Convidado para falar sobre as aplicações da ferramenta no Judiciário, Mairan Maia Júnior, desembargador do Tribunal Regional Federal da 3.ª Região (TRF3) de São Paulo, traçou um panorama sobre a Tecnologia da Informação (TI) nos tribunais brasileiros, além dos riscos da IA gerativa e como reduzi-los. De acordo com ele, a IA é uma realidade na maioria dos fóruns — um estudo do Conselho Nacional de Justiça (CNJ) aponta que mais de 66% dos tribunais nacionais fazem uso da ferramenta.
Outro dado relevante é que, ainda de acordo com o CNJ, há mais de 147 modelos de solução da tecnologia desenvolvida pelos próprios tribunais com o uso, principalmente, de sistemas de dados abertos. Os fóruns se dividem, basicamente, em dois grupos: os que utilizam sistemas de outros tribunais e os que contratam empresas privadas para fornecer softwares de processos judiciais eletrônicos.
Dentre os benefícios da IA nas cortes, destacam-se a automação de tarefas repetitivas e a liberação dos juízes para atividades mais complexas, como triagem de documentos e acompanhamento de prazos. A tecnologia também pode funcionar como um banco de dados para consulta de decisões baseadas em jurisprudências, acelerando processos e melhorando a eficiência e o acesso à Justiça.

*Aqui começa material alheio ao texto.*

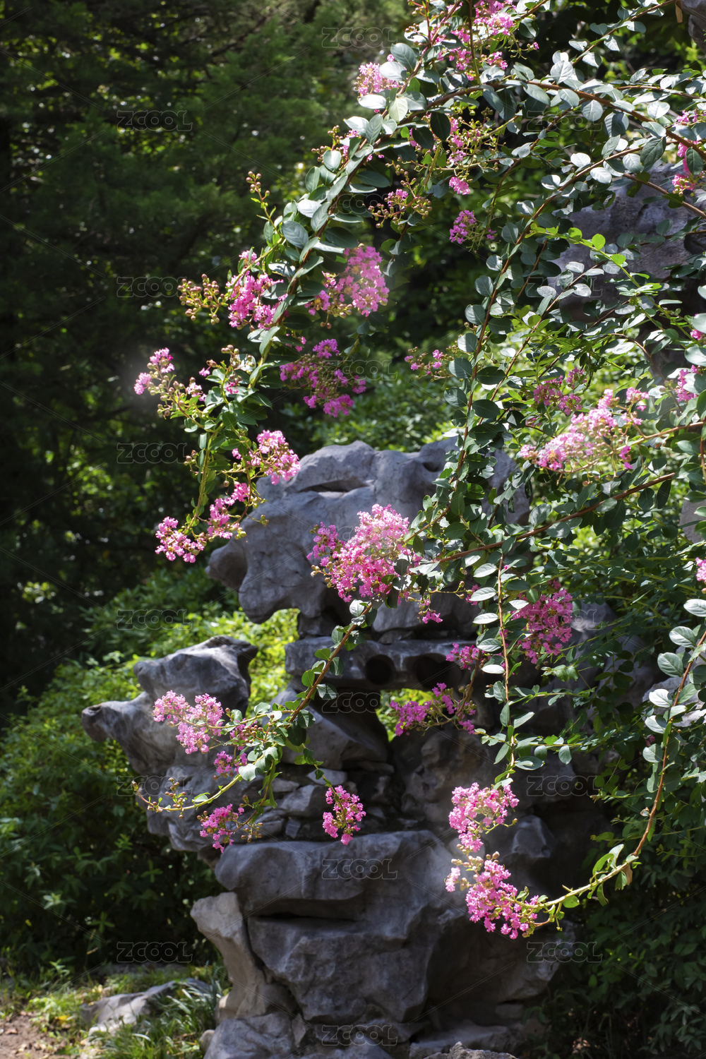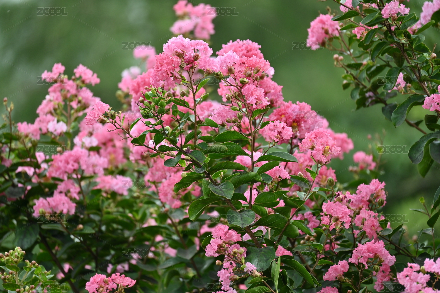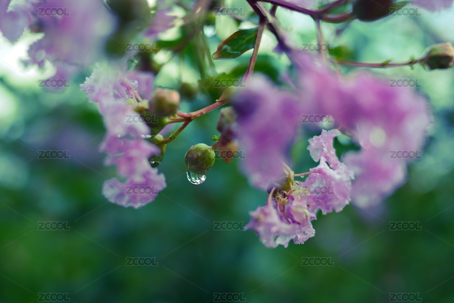 夏天雨后公園里盛開的紫薇花
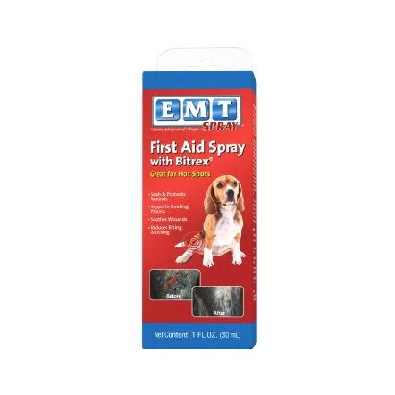 - EMT Spray Contains Hydrolysate of Collagen with Bitrex® – First Aid Spray for Dogs soothes, seals and protects wounds to support the healing process.
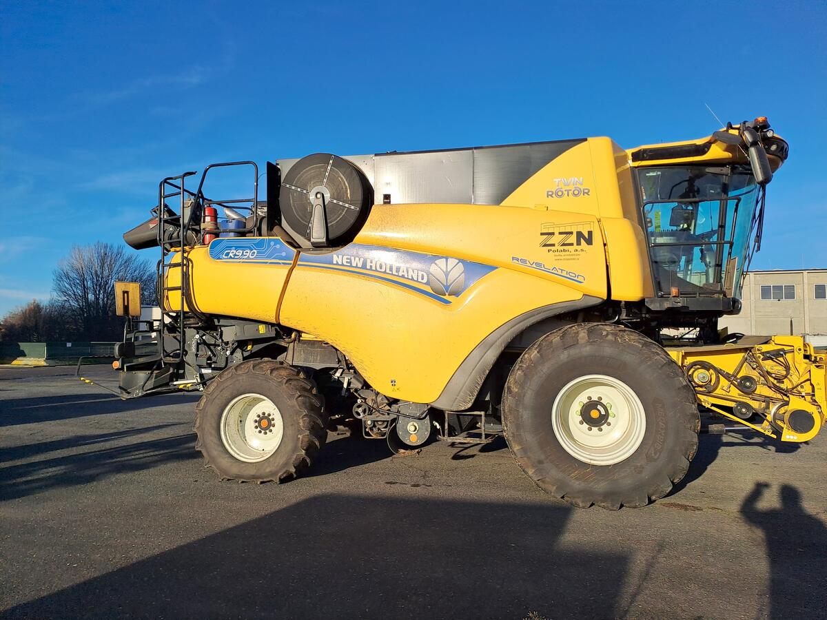 Sklízecí mlátička New Holland CR9.90, zásobník 12500, GPS, výnos, vlhko, autom. systém Intellisense, naklápění šikmého dopravníku z kabiny, LED, sklopná koncovka komínu, pojezd 40 km/hod. Lišta Varifeed 10,7 m, řepková výbava, podvozek s řiditelnou zadní nápravou, palivo: nafta, možnost financování
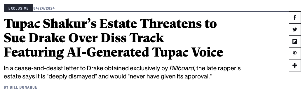 Last week, Drake released a diss-track response to Kendrick Lamar, wherein which he used voice clones of Snoop and Tupac to deliver a rap he wrote. My initial response was less than enthusiastic, and just today we find out the estate of Tupac sent Drake a cease-and-desist order.
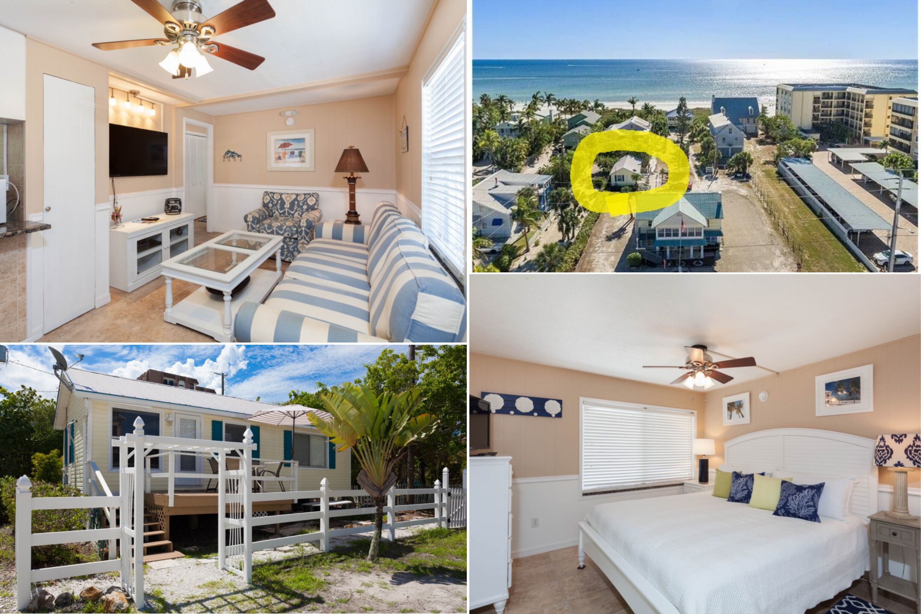 Want to be 90 steps away from the beach? If so, stay at this cute little cottage, and you can! This cottage is located on the same side as the Gulf of Mexico and has a private walking path to get you to the beach. You will also enjoy a private entrance & private parking next to this cottage. This cottage has 1 bedroom, 1 bathroom and sleeps up to two people. As you walk up to the entrance, you’ll notice a small deck with a table and chairs. As you enter the cottage, the first you’ll see is the breakfast nook/ dining area with a table and four chairs to your left. Straight ahead of you is the kitchen. It has modern appliances, granite countertops, and a breakfast bar with two stools. To your right is the cozy living room with a large sofa, arm chair, and flat screen TV mounted to the wall. There is one bedroom, the master bedroom. It has a king-size bed and its own flat screen TV. You're just minutes from downtown Fort Myers Beach where there is always something to do! Eat, drink, and be merry! Or catch up with the local musicians, and enjoy their music at just about every restaurant, and bar.
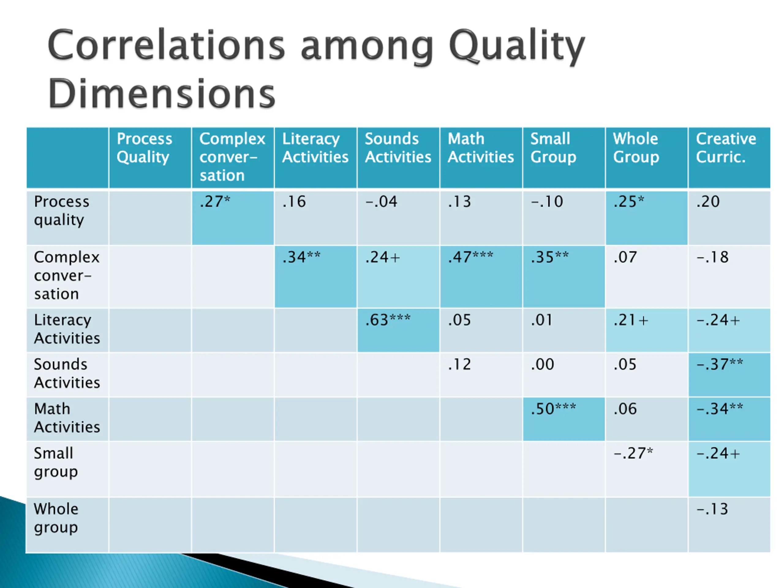Process Quality Process Quality Complex conver sation .27* Complex conver- - sation Literacy Activities Literacy Activities Sounds Activities Sounds Activities Math Activities Math Activities Small Group Small Group Whole Group Whole Group Creative Curric Creative Curric. . Process quality .16 -.04 .13 -.10 .25* .20 Complex conver- sation Literacy Activities Sounds Activities Math Activities Small group .34** .24+ .47*** .35** .07 -.18 .63*** .05 .01 .21+ -.24+ .12 .00 .05 -.37** .50*** .06 -.34** -.27* -.24+ Whole group -.13
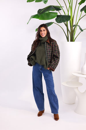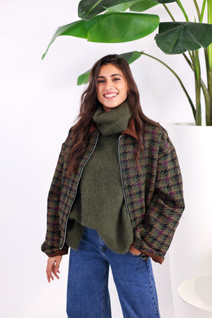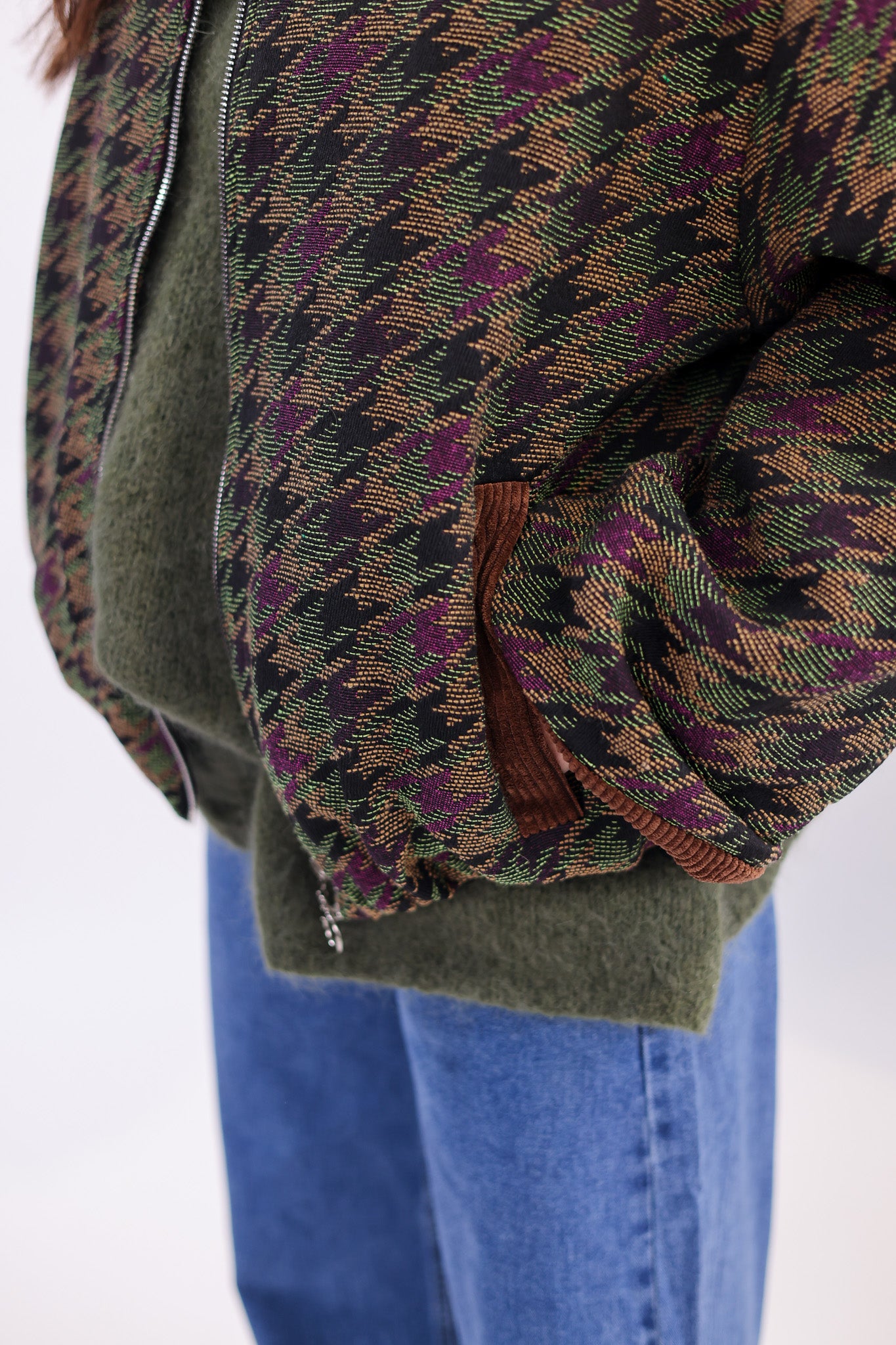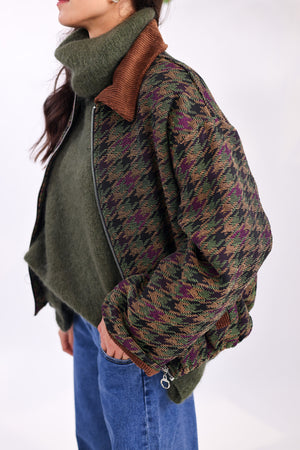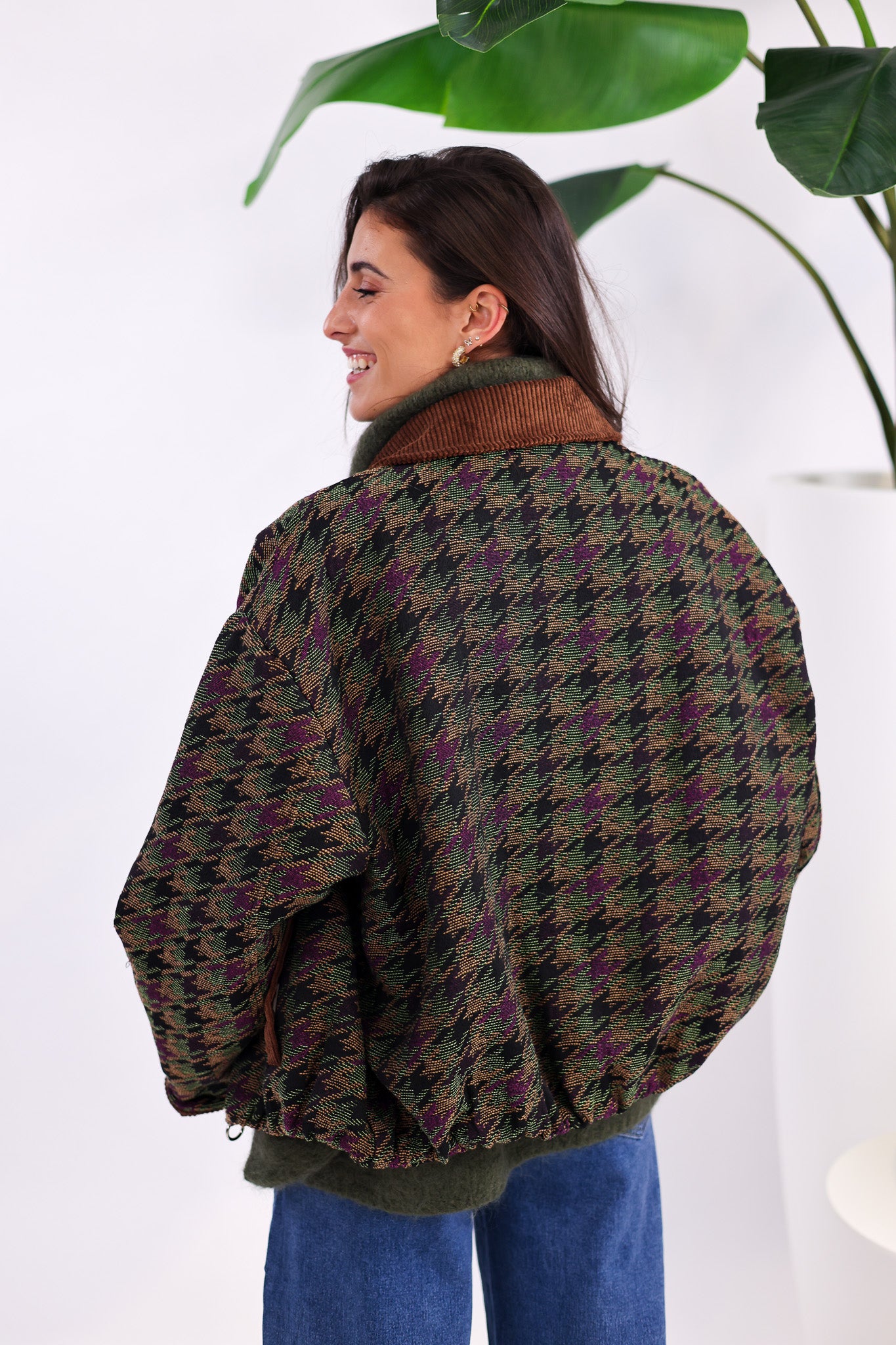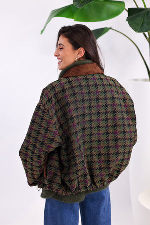 Cette veste bombers est la pièce forte parfaite pour donner du caractère à vos looks d’automne-hiver. Son motif pied-de-poule revisité, mêlant des touches de vert, bordeaux, camel et noir, apporte une allure chic et graphique, idéale pour sublimer une tenue basique ou compléter un look plus travaillé.

No entanto, Maia Júnior alerta para os riscos, como o uso de bases de dados abertas, que ao se tornarem públicas, podem ser usadas para o treinamento da Inteligência Artificial, o que pode reduzir o controle sobre a utilização dos dados e gerar erros, como criar jurisprudências ou leis inexistentes. Além disso, ao analisar documentos, o algoritmo não verifica a veracidade das informações. O Judiciário, segundo ele, precisa mapear esses riscos da IA generativa.
O desembargador também apontou outras questões a serem enfrentadas, como falta de uma política de governança, transparência, definição da margem de erro com a qual se irá trabalhar e uso de fontes não confiáveis no treinamento dos modelos. “Se pode verificar que a utilização da Inteligência Artificial generativa é bem-vinda, é necessária, mas tem que se atentar para toda essa série de riscos, porque o que está em jogo é o direito de cada um que se vale do Poder Judiciário e a própria imagem e confiabilidade do Poder Judiciário”, conclui.